Diario de España
- Type: Daily newspaper
- Founder(s): Asociación de Noticias de Verificación de Bulos contra la desinformación, educación e investigación (ANOVEBU)
- Publisher: Publicaciones Diario de España, Sociedad Limitada (Publications Diario de España, Limited Company)
- President: David Muñoz López
- Editor: Eric Pérez López
- Founded: 5 May 2022; 3 years ago
- Political alignment: Liberalism Centralism Europeism
- Headquarters: Barcelona, Spain
- ISSN: 2952-4199
- Website: diariodeespana.es

= Diario de España =

Newspaper of Spain

Diario de España is a general and daily newspaper media founded by a non-profit association, and currently edited by the company Publicaciones Diario de España. It is based in Huelva (Andalusia) and Barcelona (Catalonia).

== History ==
Diario de España was created on 5 May 2022 through a Spanish non-profit association. According to Google through a shared analytics on its own page, the newspaper gets an average of 40,000 unique users on average per month.
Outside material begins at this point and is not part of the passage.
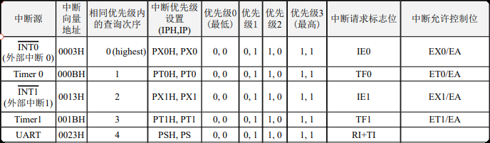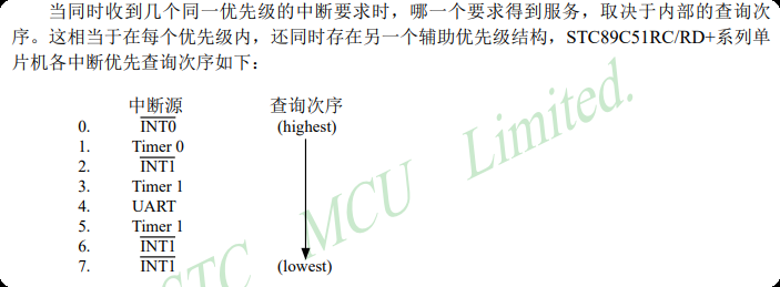 (5)相同优先级的中断源谁的数字小先响应谁;
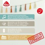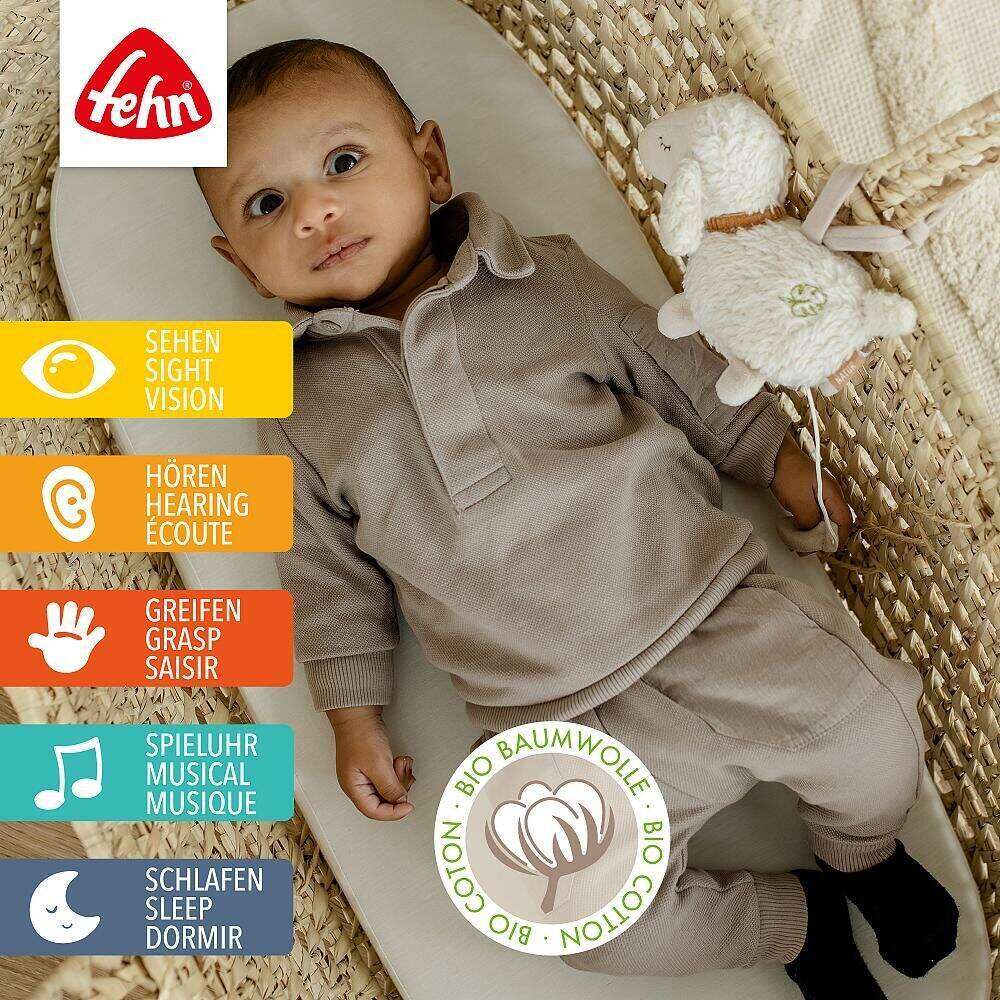 Mit Befestigungsbändchen kannst du die Spieluhr überall– im Bett, Kinderwagen oder Autositz– sicher anbringen. Das herausnehmbare Spielwerk spielt ca. 1,5–2 Minuten und ist leicht zu reinigen – einfach im Schonwaschgang bei 30°C!

Under the direction of David González, Diario de España had its first newsroom in Huelva (Andalusia), although after the change of address to David Muñoz, who had held the position of chief of policy and deputy director, changed its headquarters to Barcelona. Its presentation was held in this city, where it hosted politicians and recognized people in Catalonia and Spain. Since September 29, 2022, its director is David Muñoz.

== Collaborators ==
Among its main collaborators, are Sonia Reina, Miguel Urra, Edmundo Bal (deputy of Citizens in the Congress of Deputies), Soraya Rodríguez (MEP for Renew Europe) and Eva Poptcheva (MEP for Renew Europe).